• Work instructions
Quote the lines of the data below verbatim, beginning at the line that contains "Подвесная тумба с" and ending at the last line, both included, and excluding pictures.

══ Provided material

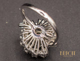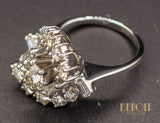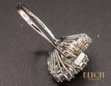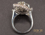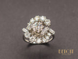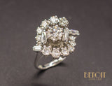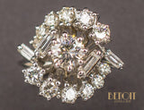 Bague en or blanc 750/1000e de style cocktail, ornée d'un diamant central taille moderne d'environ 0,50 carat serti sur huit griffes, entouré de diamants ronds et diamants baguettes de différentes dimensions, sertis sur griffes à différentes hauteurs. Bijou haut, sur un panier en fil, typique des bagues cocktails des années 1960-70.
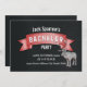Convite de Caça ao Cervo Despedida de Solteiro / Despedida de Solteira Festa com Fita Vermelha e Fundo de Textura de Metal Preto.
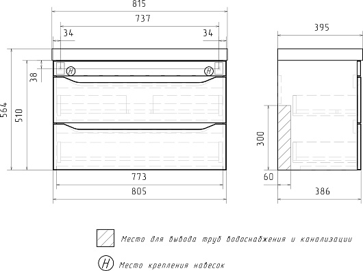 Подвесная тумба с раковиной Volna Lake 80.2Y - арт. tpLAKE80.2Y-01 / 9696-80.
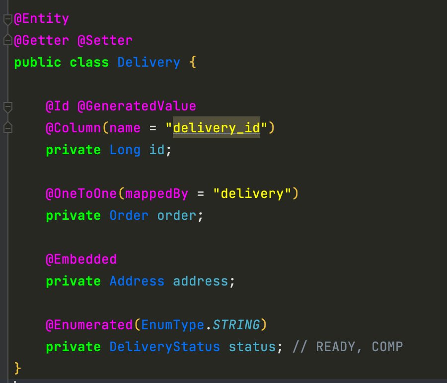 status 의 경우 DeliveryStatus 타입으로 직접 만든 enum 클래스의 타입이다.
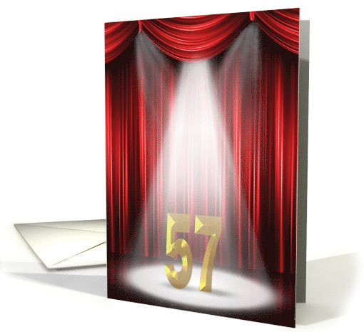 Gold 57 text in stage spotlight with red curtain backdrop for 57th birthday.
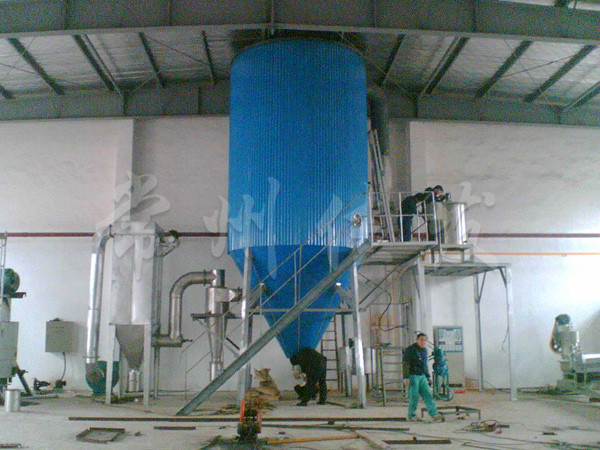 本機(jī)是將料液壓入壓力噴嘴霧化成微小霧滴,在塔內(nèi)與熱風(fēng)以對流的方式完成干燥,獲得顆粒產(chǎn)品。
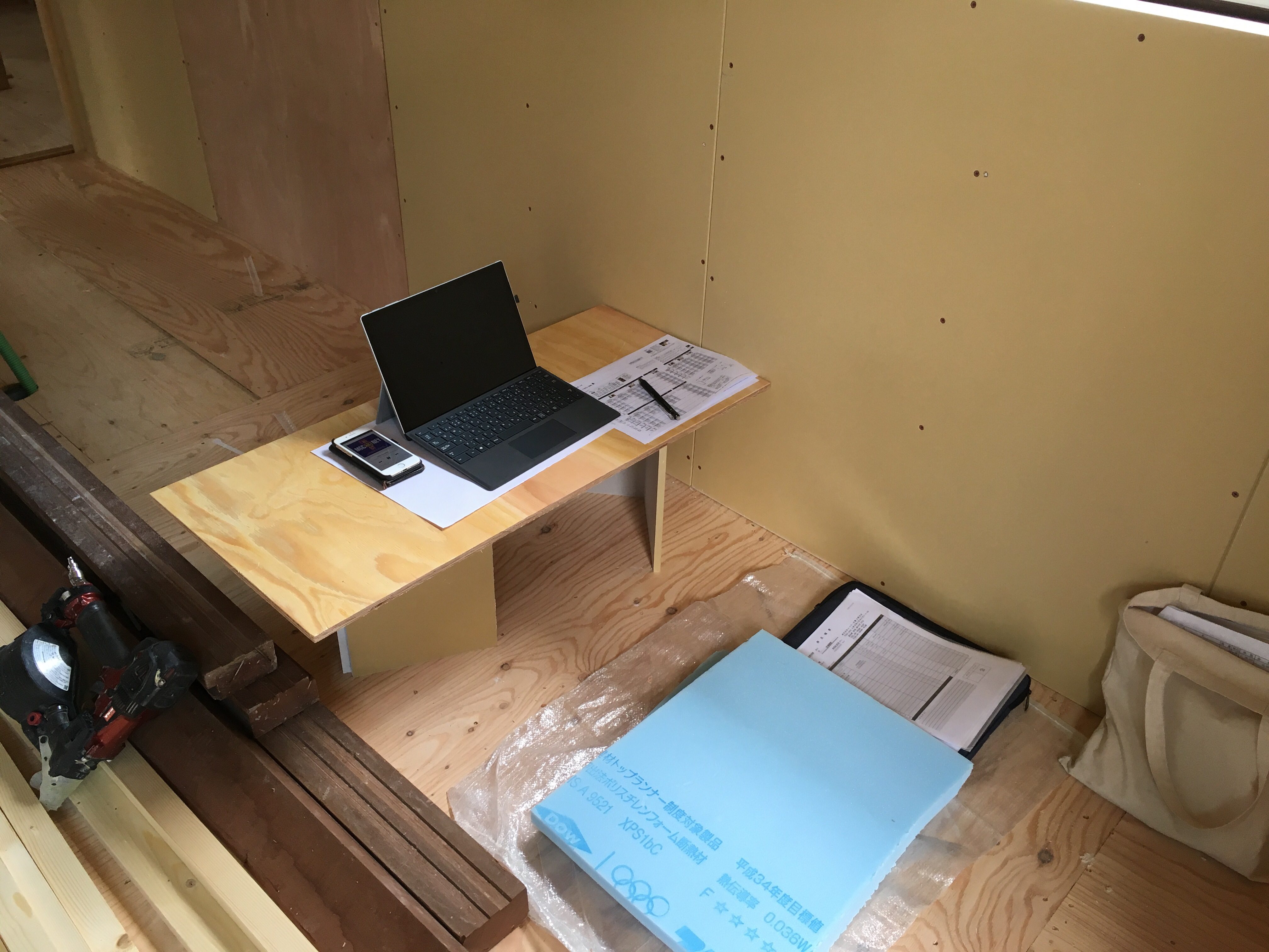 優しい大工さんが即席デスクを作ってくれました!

════

• Solution to this task
 Подвесная тумба с раковиной Volna Lake 80.2Y - арт. tpLAKE80.2Y-01 / 9696-80.
 status 의 경우 DeliveryStatus 타입으로 직접 만든 enum 클래스의 타입이다.
 Gold 57 text in stage spotlight with red curtain backdrop for 57th birthday.
 本機(jī)是將料液壓入壓力噴嘴霧化成微小霧滴,在塔內(nèi)與熱風(fēng)以對流的方式完成干燥,獲得顆粒產(chǎn)品。
 優しい大工さんが即席デスクを作ってくれました!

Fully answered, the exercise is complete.